The new Biden Administration is inheriting a Middle East and Eastern Mediterranean region that has been torn asunder. Ravaged by proxy wars, inter-imperialist ambitions, sectarian religious rivalry, ethnic revanchism, and geopolitical positioning; many nations are in a precarious state of uncertainty. That volatility has caused the formation of new undeclared alliance blocs with ‘strange bedfellows’, as former rival states align together for survival on a larger chessboard, where the proverbial king and queen pieces extend from the White House to the Kremlin, and from Paris’s Elysee Palace to Ankara’s Presidential Complex.
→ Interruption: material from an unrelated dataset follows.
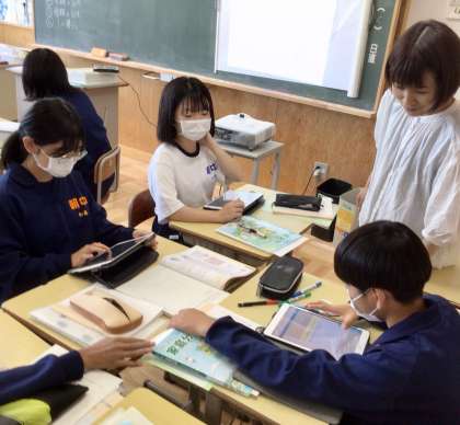 1年5組は、家庭科の授業です。
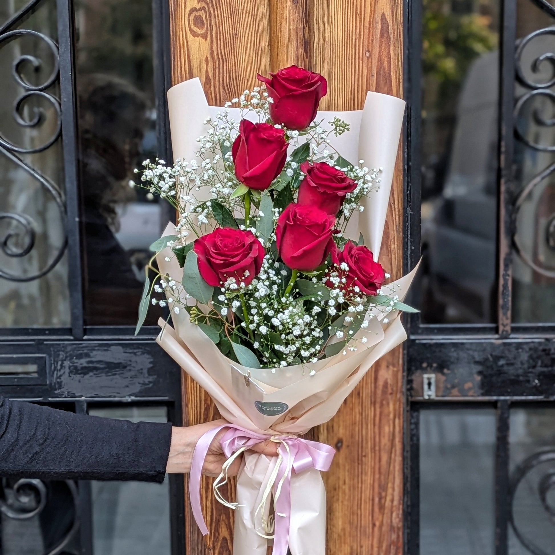 Aquest elegant ram de roses vermelles és el regal perfecte per expressar amor i passió. Amb 6 roses vermelles d'un vermell profund i vellutat, complementades amb branques d'eucaliptus i flors blanques, aquest ram transmet frescor i sofisticació. És ideal per a aniversaris, dates especials o moments en què les paraules no arriben. Sorprèn aquesta persona especial amb un regal que reflecteix elegància, romanticisme i bon gust. Perfecte per a qualsevol ocasió significativa.

Predictably, one question on everyone’s lips in the region is what a Joe Biden Presidency will mean for them? With many wondering how US strategy will vary from President Trump? Whereas Trump was as an unpredictable deviation from usual American foreign policy—guided by everything from his own financial interests in Istanbul, to delusions of grandeur which cast him as the only man who could bring “peace to the Middle East” and secure Israel’s future by assassinating Iranian Generals—President Biden in many ways represents a return to ‘normalcy’ with regards to traditional US hegemony. However, the geopolitical reality of the region that President Trump inherited is not the same one he is leaving his successor.
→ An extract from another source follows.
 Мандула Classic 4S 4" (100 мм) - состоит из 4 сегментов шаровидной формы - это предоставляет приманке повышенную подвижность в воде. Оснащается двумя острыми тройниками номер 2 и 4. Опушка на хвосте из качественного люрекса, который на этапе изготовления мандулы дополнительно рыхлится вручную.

The most obvious difference is the degree to which Tayyip Erdogan’s regime in Turkey has been allowed to set the region ablaze as part of his neo-Ottoman expansionism, which has caused these alliance blocs to form. For example, in just the last two years, Erdogan’s belligerence has led him to threaten nearly every ethno-nationality within bombing distance, whether they be Kurds, Armenians, Assyrians, Greeks, Cypriots, Egyptians, Libyans, Saudis, Emiratis, and even the French.

Of course, such words were matched by the Turkish military, who spent their time bombing mountain areas in Iraqi Kurdistan, shelling Christian villages near Tell Tamer, transporting Turkmen mercenaries to Azerbaijan to attack Artsakh, sending naval ships out to threaten Greece, propping up their GNA puppet state in Tripoli, and systematically stealing the olive oil industry in occupied Afrin.
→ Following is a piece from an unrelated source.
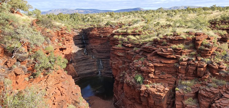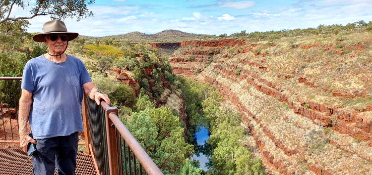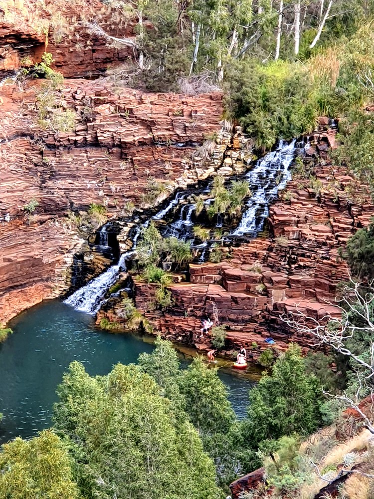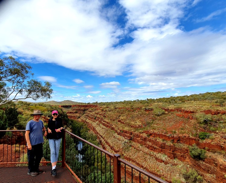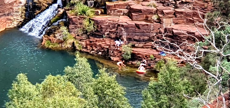 Karijini is equal to any of the world’s great geographic sites, certainly any I have seen, even with the greatest ambition, with the added benefit of never having been overrun by Western agriculture or non-marsupial grazing animals. We visit several sites, all magnificent (Dales Gorge, Kalamina Gorge and Joffre Falls) – I shall have to let the pictures tell the story – they do it much better than I could. You can climb down the rocks in places to swim in the cool waterholes, but recently air stairs were installed as ‘there were too many helicopter rescues!’ We needed at least a week, but we only had a day, as the WA coastline is waiting.
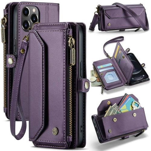 Funda para iPhone 12 Pro Max Caseme C36 Cartera con Ranuras para Tarjetas y Cremallera Cuero Antirrobo Rfid (Púrpura)

Erdogan’s Turkey also spent the last half of Trump’s Presidency unsuccessfully sending an assassin to Austria to murder the Kurdish woman politician Berivan Aslan, meddling for influence in Lebanon, denouncing Bahrain, colonizing Somalia, smuggling arms to Boko Haram in Nigeria, shielding Al-Qaeda 2.0 in Idlib, hosting Hamas leaders while claiming ownership of Jerusalem, and ethnically cleansing 300,000 Kurds in Rojava (northern Syria). And now, with Turkish soldiers stretching from the Balkans to Qatar, and with Erdogan’s regime willing to interfere from Mali to Kashmir, many nations in the Middle East have realized they may be next.

The three blocs vying for power

As a result, three primary coalition blocs of nations have formed, and a group of five nations I call the “wild cards”. Although the blocs have no official name, for clarity of discussion I would describe them as the Franco Alliance, Neo-Ottoman Axis, and Tehran Faction.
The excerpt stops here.